Sete dias, 87 procissões com tronos transportados por mais de 200 pessoas. A semana que antecede a Páscoa é um apelo aos sentidos: o incenso e o alecrim, a música, o peso e a sumptuosidade dos tronos, a emoção das aclamações. E, claro, o gosto do pescaito frito nas praias de Pedregalejo. A Fugas experimentou tudo isto e conta como foi, para quem queira viver uma Semana Santa barroca e superlativa

Ao toque do sino, os homens de trono levantam o grande andor onde está colocada a imagem de Cristo a carregar a cruz. Há esgares de esforço. Mas, num segundo, o corpo, todos estes corpos, começam a bailar num ritmo lento e coordenado. No meio da multidão, há quem grite "Guapo, guapo, guapo", voltado para a imagem de Cristo - mas a da Virgem tem aclamações semelhantes, talvez mais frequentes. O aplauso colectivo premeia e incentiva os esforços de quem acabou de erguer a imagem venerada.

São 200 ombros, podem ir até 240 ou 260 no caso dos tronos maiores ou mais pesados - há os que chegam às quatro toneladas. Cada ombro suporta 30 a 35 quilos, durante sete a dez horas, doze em alguns casos. Os da Confraria da Esperança estão entre os mais espectaculares, mas o Cristo da Boa Morte, acompanhado pelo corpo de legionários espanhóis, é o que mais gente tem a ver a sua saída. Mas já lá vamos, que ainda só estamos nos preparativos.

Por toda a Semana Santa, Málaga não dorme. Literalmente. A cidade sai inteirinha à rua, todos os dias, para ver 87 procissões. Entre Domingo de Ramos e Domingo de Páscoa, o centro da cidade torna-se um gigantesco palco, desde o princípio da tarde à madrugada do dia seguinte - a excepção é Sábado Santo, em que não há procissões, recordando o dia do grande silêncio em que Jesus esteve no sepulcro. São oito procissões em Domingo de Ramos, seis na segunda, terça e quarta, sete em Quinta-Feira Santa, oito na sexta e uma no Domingo de Páscoa. Os dias mais importantes são quarta e quinta.

Esta é a mais intensa Semana Santa da Andaluzia, defendem os malaguenhos - e confirmam forasteiros. Pelo número e grandiosidade dos tronos, pelas pessoas que movimenta, pela adesão da cidade e dos turistas - 190 mil no ano passado. O actor Antonio Banderas, natural de Málaga, é apenas um dos cerca de 140 mil (um quarto da população da cidade, com mais de 560 mil habitantes) que fazem parte de uma confraria. Banderas, que vai a Málaga cada Semana Santa, sempre acompanhado de Melanie Griffith, é mordomo de trono (vai à frente) na confraria Fusionadas e homem de trono na da Esperança (neste caso, como "submarino", os que vão debaixo da imagem, cujo rosto não é visível desde fora).
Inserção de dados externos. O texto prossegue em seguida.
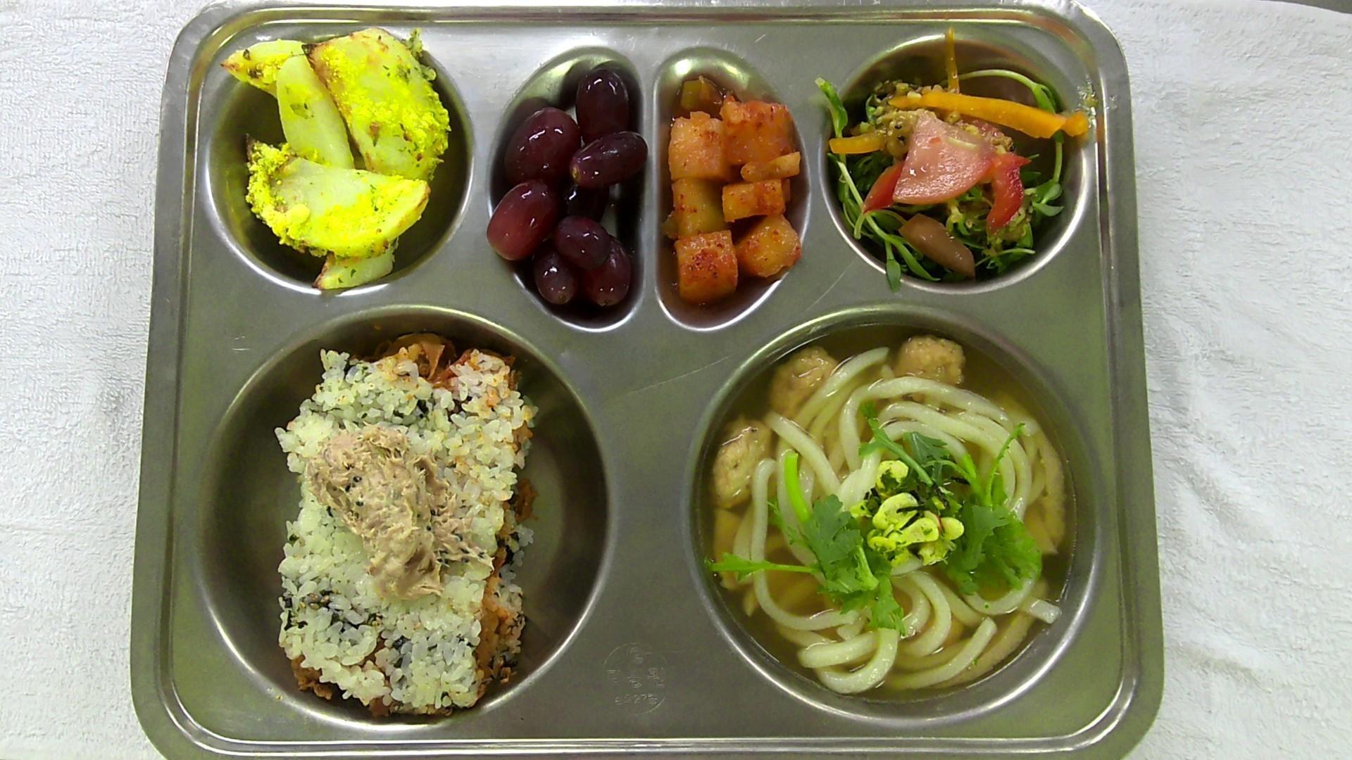 밥버거(열탄불고기)1(1.5.6.16.18)미니우동1(1.2.5.6.7.9.18)돌나물샐러드(자율)(5.6.12.13.14.18)콘소메수제웨지감자(2.5.6.13.16)깍두기2(9)씨없는포도1

Os membros das confrarias podem ser nazarenos (vão na procissão e vestem a túnica e o capuz da confraria), penitentes (levam uma vela) ou homens de trono. Neste último caso, há quem faça promessas - ir de olhos tapados, de pés descalços, no submarino - e a tradição e a força necessária para levantar o trono dizem que as mulheres são em muito menor número.

Este ano, apareceu mesmo um conflito na Confraria do Cristo da Redenção e da Virgem das Dores: a direcção não quer permitir que duas mulheres transportem o trono, tal como fizeram no ano passado.
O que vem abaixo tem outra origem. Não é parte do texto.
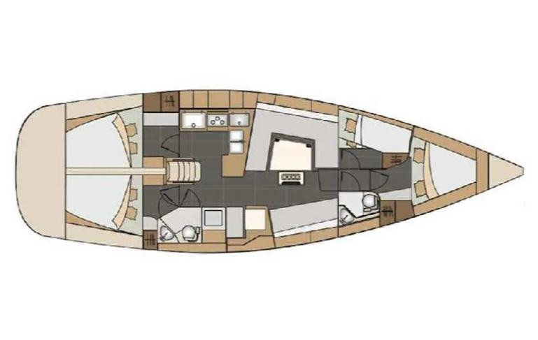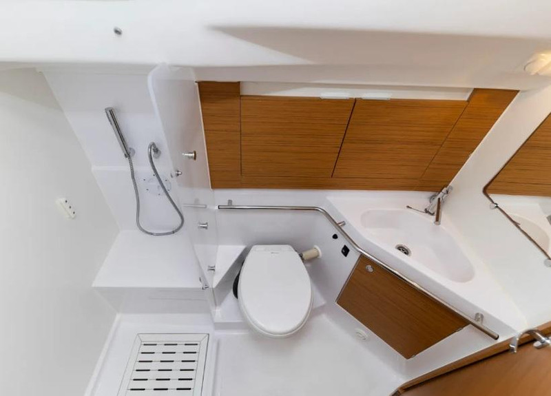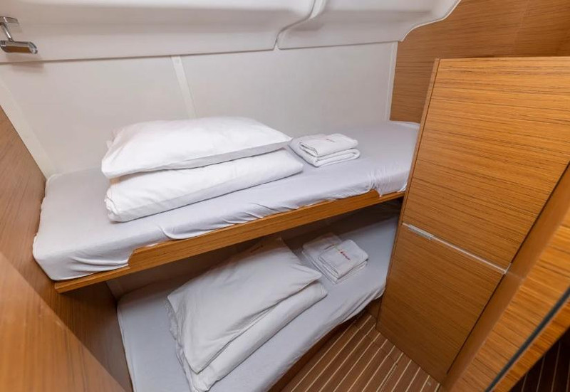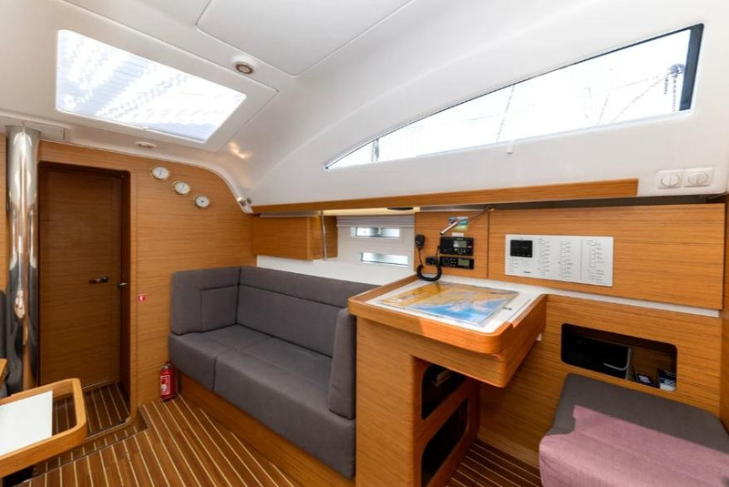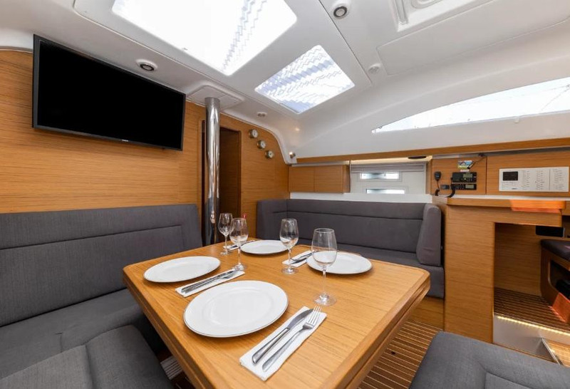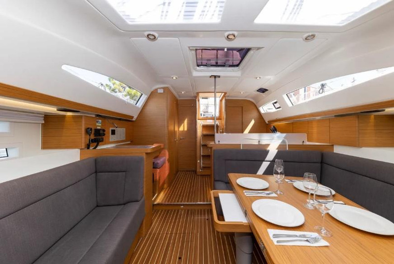 * L-shaped saloon settee with saloon table that can be converted to 2 extra berths + 2 chairs

O delegado do bispo para as confrarias está a mediar o conflito, advogando que nada impede a participação feminina - há irmandades andaluzas constituídas apenas por mulheres.

Regra geral, cada uma das 42 irmandades tem dois andores: um com uma imagem de Cristo, outro com uma invocação da Virgem. Quatro delas têm apenas um trono e a Fusionadas (que resultou da junção de várias) tem cinco tronos.

Uma vertigem na cidade

Somos transportados no tempo, nesta vertigem que toma conta da cidade, nas adegas, nos cafés, nas igrejas, nas ruas. Ela agarra as pessoas bem cedo, quando milhares de espectadores vão ocupando as cadeiras alugadas para ver passar os tronos. Continua depois com as conversas, as comidas e bebidas, o entusiasmo à passagem dos tronos, os cantores que, do meio da multidão, dirigem uma saeta (canção religiosa espanhola) à Virgem ou a Cristo, as aclamações espontâneas de "guapa, guapa, guapa!", os aplausos que irrompem.
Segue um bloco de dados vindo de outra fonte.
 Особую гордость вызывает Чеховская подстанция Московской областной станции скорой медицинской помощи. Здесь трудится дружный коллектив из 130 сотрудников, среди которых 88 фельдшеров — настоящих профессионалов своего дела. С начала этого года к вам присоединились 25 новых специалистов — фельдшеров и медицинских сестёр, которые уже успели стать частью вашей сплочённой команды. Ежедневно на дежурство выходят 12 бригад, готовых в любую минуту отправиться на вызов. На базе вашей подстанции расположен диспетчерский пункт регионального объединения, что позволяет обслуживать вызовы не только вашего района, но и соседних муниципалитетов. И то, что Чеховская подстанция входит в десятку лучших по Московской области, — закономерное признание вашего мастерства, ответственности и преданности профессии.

As ruas perfumam-se de incenso, há emoção nos olhares, comentários sobre resultados de futebol, namorados apaixonados, risos e comoções. As flores de cada trono sinalizam o movimento, andando para cá e para lá. Algumas das ruas mais estreitas por onde passam as procissões têm a medida certa para que o trono não deite abaixo as varandas. Servem as ordens do capataz "Venga, para la izquierda! Todo para la derecha!" a orientar o passo marinero - assim denominado por se referir aos movimentos dos pescadores a tirar peixe na praia, balançando.

Num dos varandins do Hotel Larios, à esquina da Praça da Constituição (onde está a tribuna de honra para convidados e individualidades), um saetero canta uma saeta em homenagem ao Cristo da Expiração. É a última procissão de Quarta-Feira Santa. Quando o trono assoma à praça, as pessoas levantam-se e o burburinho dá lugar ao silêncio na praça. Passos lentos, rostos já derreados os dos homens de trono - e ainda faltam pelo menos cinco horas para o regresso à casa da irmandade. O andor pára logo a seguir à praça, no início da Calle Granada. Regressam as conversas. Assim que um trono passa num lugar, a mole humana desfaz-se para ir procurar outro posto de observação. A paragem dura um, dois minutos. Tempo suficiente para que o aguaor dê água aos homens de trono, com os garrafões a passar de boca em boca. Os homens do submarino aproveitam para respirar uns instantes. A pausa é alívio e júbilo.

Pelo percurso oficial todos os tronos passam: Ponte de Tetuán, Alameda Principal, Plaza de la Marina, Rua Marqués de Larios, Plaza de la Constitución, Rua Granada e a terminar na Plaza del Carbón. São três quilómetros que demoram pelo menos sete horas a ser percorridos. Mas para confrarias como a Nova Esperanza ou Monte Calvário, que têm as suas casas longe do centro, isso significa pelo menos dez horas de caminho previsto desde que se sai até ao regresso - mas o normal é chegar às doze.

Além das cadeiras que se podem alugar nas ruas, os cafés e restaurantes que se situam no circuito também fazem mais negócio: quatro cadeiras e uma mesa custam 100 euros, consumo à parte. E há possibilidades de comprar lugares para toda a semana, com preços diferentes dependendo do dia e do lugar.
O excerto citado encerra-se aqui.